=== DATA RECORDS ===

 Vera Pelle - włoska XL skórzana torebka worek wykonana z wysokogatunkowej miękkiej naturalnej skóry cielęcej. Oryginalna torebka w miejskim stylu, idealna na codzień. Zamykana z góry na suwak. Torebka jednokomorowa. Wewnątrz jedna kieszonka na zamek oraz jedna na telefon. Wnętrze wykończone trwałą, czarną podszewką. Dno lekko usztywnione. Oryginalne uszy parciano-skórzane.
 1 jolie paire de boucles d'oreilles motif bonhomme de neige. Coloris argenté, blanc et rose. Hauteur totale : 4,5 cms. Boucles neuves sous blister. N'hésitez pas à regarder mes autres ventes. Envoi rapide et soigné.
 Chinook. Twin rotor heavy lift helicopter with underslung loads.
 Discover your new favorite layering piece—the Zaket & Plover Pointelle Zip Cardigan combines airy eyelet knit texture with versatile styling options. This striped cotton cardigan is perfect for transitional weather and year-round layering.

===
=== DATA RECORDS ===

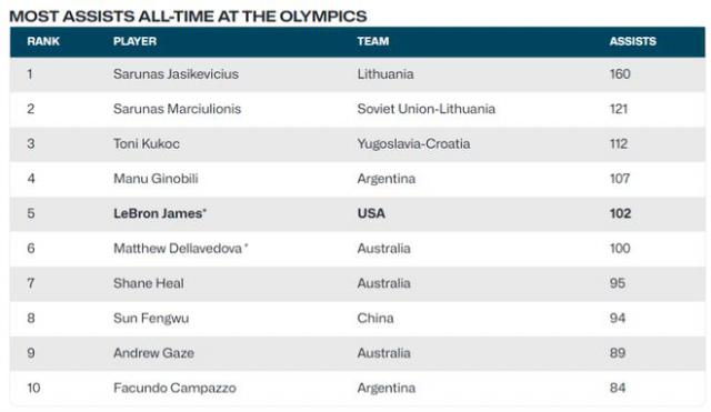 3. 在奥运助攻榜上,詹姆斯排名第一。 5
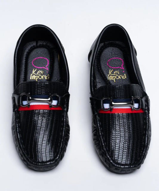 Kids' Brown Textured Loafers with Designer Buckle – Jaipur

===

» **TASK**
Leave out every line above except those from the line with "1 jolie paire" up to and including the line with "Discover your new", and copy those exactly.

» **ANSWER BELOW**
 1 jolie paire de boucles d'oreilles motif bonhomme de neige. Coloris argenté, blanc et rose. Hauteur totale : 4,5 cms. Boucles neuves sous blister. N'hésitez pas à regarder mes autres ventes. Envoi rapide et soigné.
 Chinook. Twin rotor heavy lift helicopter with underslung loads.
 Discover your new favorite layering piece—the Zaket & Plover Pointelle Zip Cardigan combines airy eyelet knit texture with versatile styling options. This striped cotton cardigan is perfect for transitional weather and year-round layering.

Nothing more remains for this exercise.